Trends in alcohol-induced morality are the product of social factors that interact with alcohol consumption and vary across generations, given that alcohol availability, preferences, and norms are highly variable across generation, country, and social class [64, 65]. Substance use more generally has strong cohort effects, as each generation uses alcohol and other additive substances differently as information about health harms, access, and acceptability shift over time [66, 67]. For alcohol use, available evidence indicates that cohorts born in the late 1970s and early 1980s have particularly heavy use of alcohol throughout the lifecourse, which may be reflected in the emerging cohort as they enter the highest period for risk of alcohol-related deaths. Further, per capita alcohol sales as well as self-reported alcohol consumption on national surveys has been increasing in recent years [1], especially among women, which coincides with the emerging period effect that is observed in several of the age–period–cohort models generated to account here for temporal patterns in alcohol-related death.

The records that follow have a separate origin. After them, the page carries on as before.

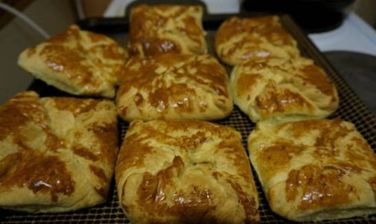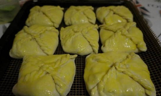 - Bedek de bakplaat met bakpapier en leg de enveloppen erop. Smeer ze in met licht geklopte dooier.
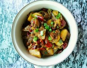 - 4. 底料炒香后加入鸡块翻炒至鸡块八分熟,再加入土豆块翻炒两份钟
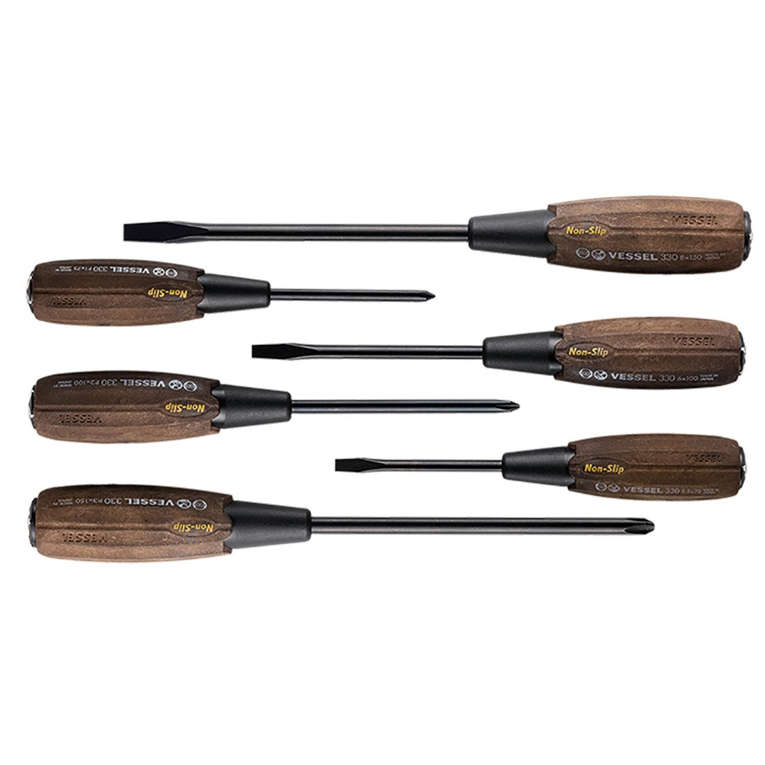 Vessel 336PS Non-Slip Wood Composite Thru Tang Screwdriver Set 6 Pieces
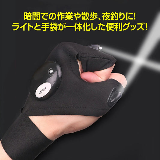 20%節約両手が自由になるLEDライト付き作業用グローブ
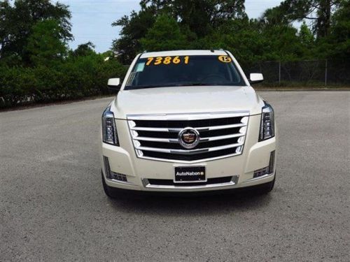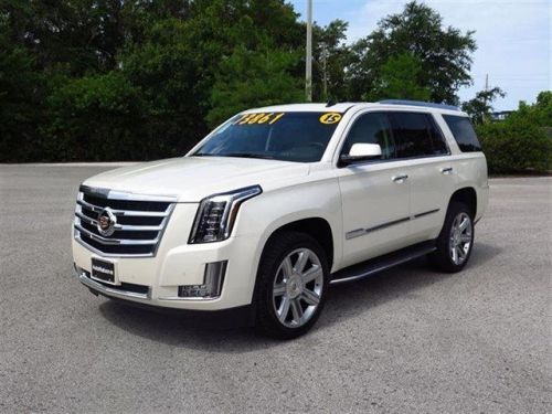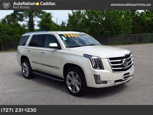 Only the CARFAX Buyback Guarantee can offer you the built-in peace of mind of knowing you made the right purchase. AutoNation Cadillac Port Richey presents this lightly used Carfax One-Owner 2015 Cadillac Escalade Luxury as just one example of our quality pre-owned offerings. Treat yourself to an SUV that surrounds you with all the comfort and conveniences of a luxury sedan. This Escalade Luxury is for the discerning driver who demands the utmost of his vehicle. Added comfort with contemporary style is the leather interior to heighten the quality and craftsmanship for the Cadillac Escalade The Escalade Luxury has a navigation system installed, so you'll always know where you're going. This top-tier navigation system is reliable and will get you to your destination quickly and by the most efficient route available. The easiest choice in purchasing a new vehicle is choosing one with a complete and detailed history like this gently driven pre-owned vehicle. If you are looking for a pre-owned vehicle that looks brand-new, look no further than this Ivory Cadillac Escalade. The Escalade Luxury does not disappoint, and even comes with an Entertainment Package that will impress even the most apprehensive buyer. You'll definitely want to check out this Cadillac. AutoNation Cadillac Port Richey wants you to drive off the lot with the confidence of knowing that your newly purchased Escalade Luxury is still covered under the Cadillac factory warranty. This peace of mind will be truly irreplaceable when purchasing a lightly-used vehicle. A true feat of engineering, this Escalade Luxury has otherworldly acceleration, prodigious power and is accompanied by the prestigious reputation of Cadillac. Although it may not make much sense, this vehicle will undoubtedly provide a memorable experience every time you drive it. Class defining, one-of-a-kind options are the standard with this Cadillac Escalade plus much, much more. With no signs of paint damage, the exterior of this Escalade L Call our Internet Sales Department and Save an additional $200 off the Internet Price listed above.
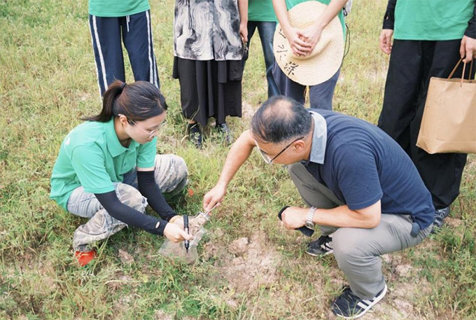 王松良教授指导队员进行土壤采样(毛华磊摄)
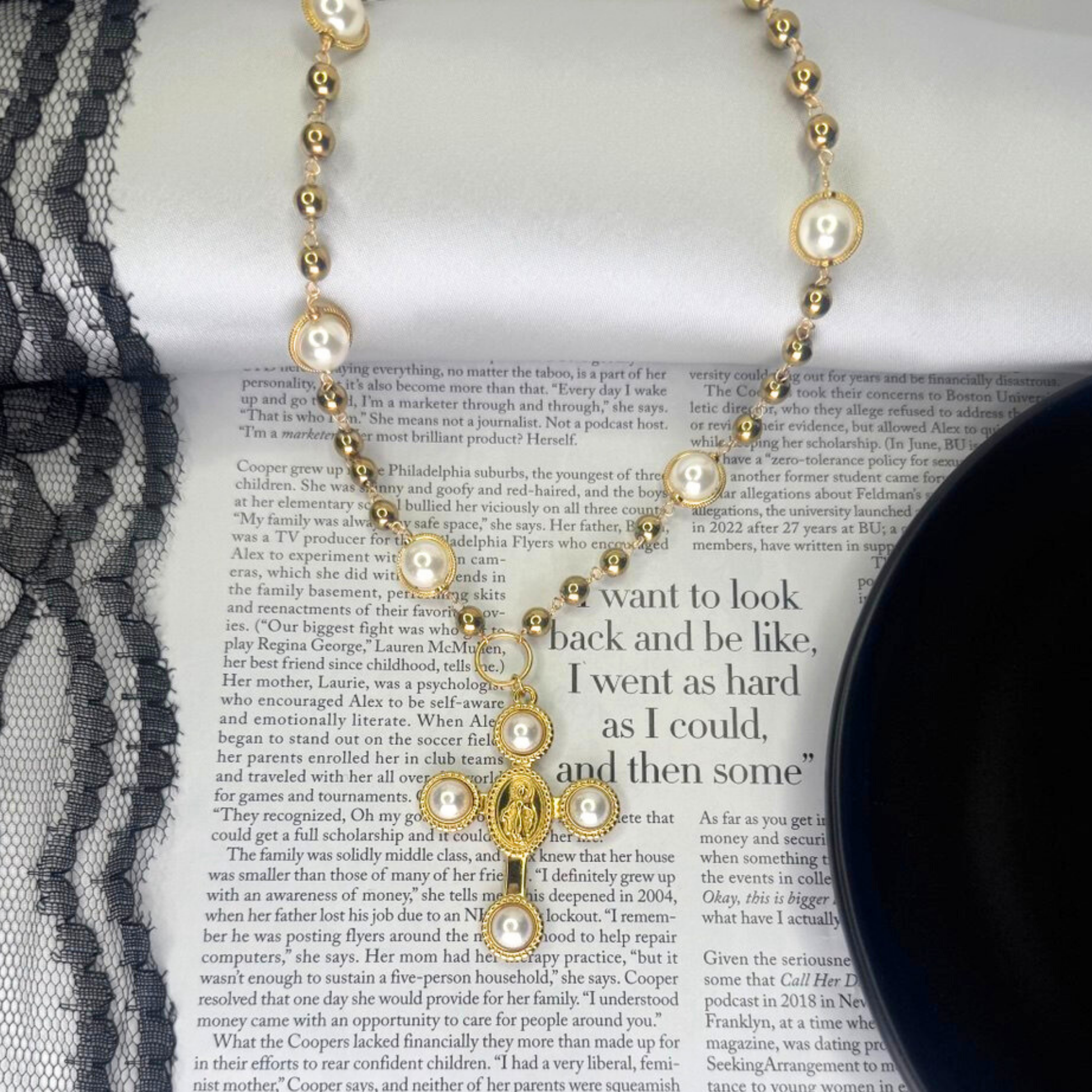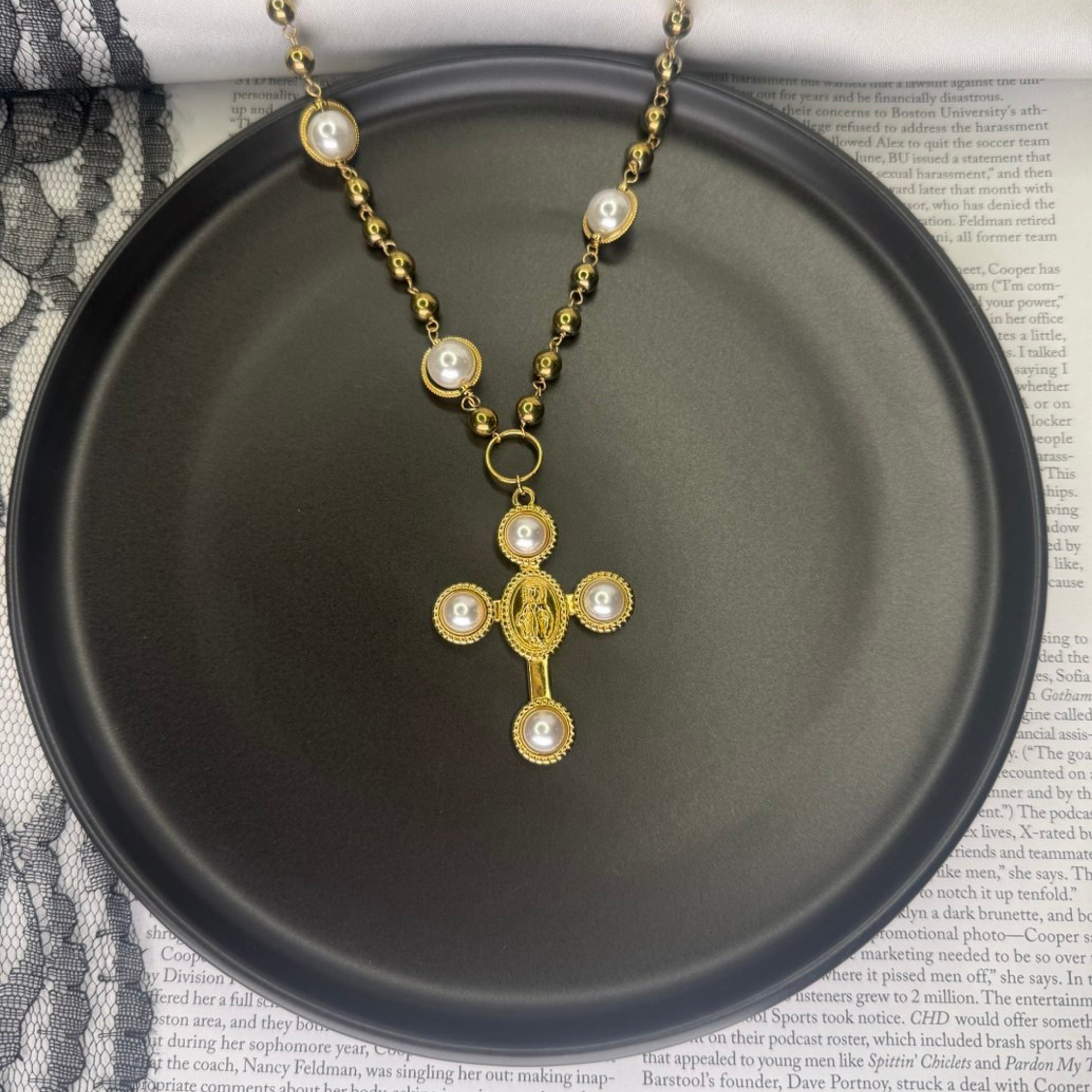 A piece of faith and elegance. This traditional gold-toned Stainless Steel necklace features a beautiful chain of polished golden beads alternating with luminous ivory-toned pearls. It culminates in an ornate cross pendant centered with an image of the Virgin Mary.

In summary, age–period–cohort visualization and modeling remains critical for surveillance and informing public health interventions; generally, modeling should be guided by data visualization given that the underlying assumptions of any one model are not verifiable. No age–period–cohort model will be appropriate in all circumstances; the choice should be based on the particular data structure and hypothesis. For example, rare outcomes such as mortality may be better suited for the first-derivative or Bayesian approaches, rather than IE or hierarchical age–period–cohort model, unless cross-level interactions or mediation tests are indicated or hypothesized. Hierarchical age–period–cohort models are flexible to a wide range of outcome distributions, but are biased when age, period, and cohort effects are linear (as are other APC models); however, they may be the only model suitable for complex longitudinal structures (as described in this paper) or when mediation tests are indicated. We recommend always confirming results with multiple age–period–cohort models for a robustness check; when results diverge, they should be interpreted with more caution. Visually inspecting and understanding the descriptive patterns of results remains a critical part of the APC modeling process and model selection decision; just like with any analysis, moving straight to a regression or other statistical model without fully understanding the descriptive nature of the trends over time can lead researchers astray.